Exercise objective: Looking at the listing below, retype exactly the lines starting at the one containing "Going back to" and ending at the one containing "第4章讨论网络的控制面,并介", both included, and nothing else.

Listed records:

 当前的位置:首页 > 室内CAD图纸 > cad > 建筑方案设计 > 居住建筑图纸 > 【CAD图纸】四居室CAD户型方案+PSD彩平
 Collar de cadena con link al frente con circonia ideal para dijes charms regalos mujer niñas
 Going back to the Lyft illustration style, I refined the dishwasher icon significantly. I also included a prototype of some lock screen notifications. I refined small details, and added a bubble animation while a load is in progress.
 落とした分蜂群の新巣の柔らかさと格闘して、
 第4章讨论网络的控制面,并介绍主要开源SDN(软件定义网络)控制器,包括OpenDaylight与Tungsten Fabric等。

---

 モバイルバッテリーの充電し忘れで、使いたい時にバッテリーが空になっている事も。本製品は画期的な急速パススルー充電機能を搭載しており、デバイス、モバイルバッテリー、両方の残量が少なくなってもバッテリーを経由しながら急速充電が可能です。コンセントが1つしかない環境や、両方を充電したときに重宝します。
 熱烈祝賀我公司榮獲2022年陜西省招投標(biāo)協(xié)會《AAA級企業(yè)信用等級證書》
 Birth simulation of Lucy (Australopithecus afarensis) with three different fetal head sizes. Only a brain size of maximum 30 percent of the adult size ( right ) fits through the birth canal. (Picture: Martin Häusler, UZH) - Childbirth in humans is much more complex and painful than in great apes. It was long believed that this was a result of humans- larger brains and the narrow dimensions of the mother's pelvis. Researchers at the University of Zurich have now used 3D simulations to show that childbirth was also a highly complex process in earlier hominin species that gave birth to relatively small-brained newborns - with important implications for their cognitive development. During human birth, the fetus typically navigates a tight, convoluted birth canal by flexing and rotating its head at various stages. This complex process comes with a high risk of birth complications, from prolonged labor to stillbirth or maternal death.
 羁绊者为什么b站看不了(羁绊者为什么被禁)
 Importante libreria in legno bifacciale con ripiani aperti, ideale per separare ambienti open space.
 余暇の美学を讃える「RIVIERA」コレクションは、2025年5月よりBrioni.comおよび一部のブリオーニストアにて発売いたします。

--

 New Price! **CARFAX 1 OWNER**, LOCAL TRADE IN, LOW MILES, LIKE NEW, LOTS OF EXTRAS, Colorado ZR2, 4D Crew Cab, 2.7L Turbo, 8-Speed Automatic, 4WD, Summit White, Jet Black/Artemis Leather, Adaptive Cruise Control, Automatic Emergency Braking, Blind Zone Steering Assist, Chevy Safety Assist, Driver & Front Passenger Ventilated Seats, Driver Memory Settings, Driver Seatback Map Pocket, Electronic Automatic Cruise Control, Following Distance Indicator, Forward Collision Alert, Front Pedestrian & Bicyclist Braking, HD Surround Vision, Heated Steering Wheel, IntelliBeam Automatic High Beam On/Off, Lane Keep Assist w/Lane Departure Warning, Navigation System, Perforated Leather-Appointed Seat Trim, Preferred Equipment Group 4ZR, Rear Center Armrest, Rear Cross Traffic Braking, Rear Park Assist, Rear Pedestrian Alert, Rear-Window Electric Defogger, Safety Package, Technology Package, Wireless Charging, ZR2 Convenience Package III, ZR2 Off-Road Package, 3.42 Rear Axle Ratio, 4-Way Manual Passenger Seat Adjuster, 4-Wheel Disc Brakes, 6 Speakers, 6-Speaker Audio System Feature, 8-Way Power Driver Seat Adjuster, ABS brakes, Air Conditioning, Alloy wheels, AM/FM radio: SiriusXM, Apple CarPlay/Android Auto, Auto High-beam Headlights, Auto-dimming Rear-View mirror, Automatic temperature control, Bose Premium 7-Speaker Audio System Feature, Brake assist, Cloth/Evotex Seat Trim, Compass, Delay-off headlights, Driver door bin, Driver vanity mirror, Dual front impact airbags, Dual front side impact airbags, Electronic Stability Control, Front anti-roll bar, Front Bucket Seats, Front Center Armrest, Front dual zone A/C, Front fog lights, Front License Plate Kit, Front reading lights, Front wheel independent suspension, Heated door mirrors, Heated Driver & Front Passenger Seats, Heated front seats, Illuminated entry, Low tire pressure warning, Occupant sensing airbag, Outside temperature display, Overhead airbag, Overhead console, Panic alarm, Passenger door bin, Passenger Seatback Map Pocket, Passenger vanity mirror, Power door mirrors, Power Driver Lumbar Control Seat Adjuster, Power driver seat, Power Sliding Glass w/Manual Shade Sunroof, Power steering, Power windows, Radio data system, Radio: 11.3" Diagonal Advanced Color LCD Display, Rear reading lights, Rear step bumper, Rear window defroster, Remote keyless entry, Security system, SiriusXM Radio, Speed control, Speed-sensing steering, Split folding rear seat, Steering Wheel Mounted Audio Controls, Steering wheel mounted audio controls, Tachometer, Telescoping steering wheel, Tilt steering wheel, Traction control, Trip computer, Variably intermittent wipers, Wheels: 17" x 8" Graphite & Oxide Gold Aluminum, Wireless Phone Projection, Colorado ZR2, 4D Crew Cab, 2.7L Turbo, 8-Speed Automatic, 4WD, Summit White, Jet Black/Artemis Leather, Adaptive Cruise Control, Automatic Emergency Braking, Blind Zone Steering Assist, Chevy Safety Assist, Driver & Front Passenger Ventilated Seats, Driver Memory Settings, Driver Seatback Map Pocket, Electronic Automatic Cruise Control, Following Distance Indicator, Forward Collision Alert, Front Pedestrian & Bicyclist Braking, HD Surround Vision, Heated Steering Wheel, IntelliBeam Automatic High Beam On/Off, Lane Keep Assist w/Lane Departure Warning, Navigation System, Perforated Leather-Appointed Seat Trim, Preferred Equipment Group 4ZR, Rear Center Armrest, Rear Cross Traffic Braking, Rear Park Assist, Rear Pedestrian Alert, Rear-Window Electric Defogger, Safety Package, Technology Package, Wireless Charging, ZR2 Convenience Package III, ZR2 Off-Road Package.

Answer box:
 Going back to the Lyft illustration style, I refined the dishwasher icon significantly. I also included a prototype of some lock screen notifications. I refined small details, and added a bubble animation while a load is in progress.
 落とした分蜂群の新巣の柔らかさと格闘して、
 第4章讨论网络的控制面,并介绍主要开源SDN(软件定义网络)控制器,包括OpenDaylight与Tungsten Fabric等。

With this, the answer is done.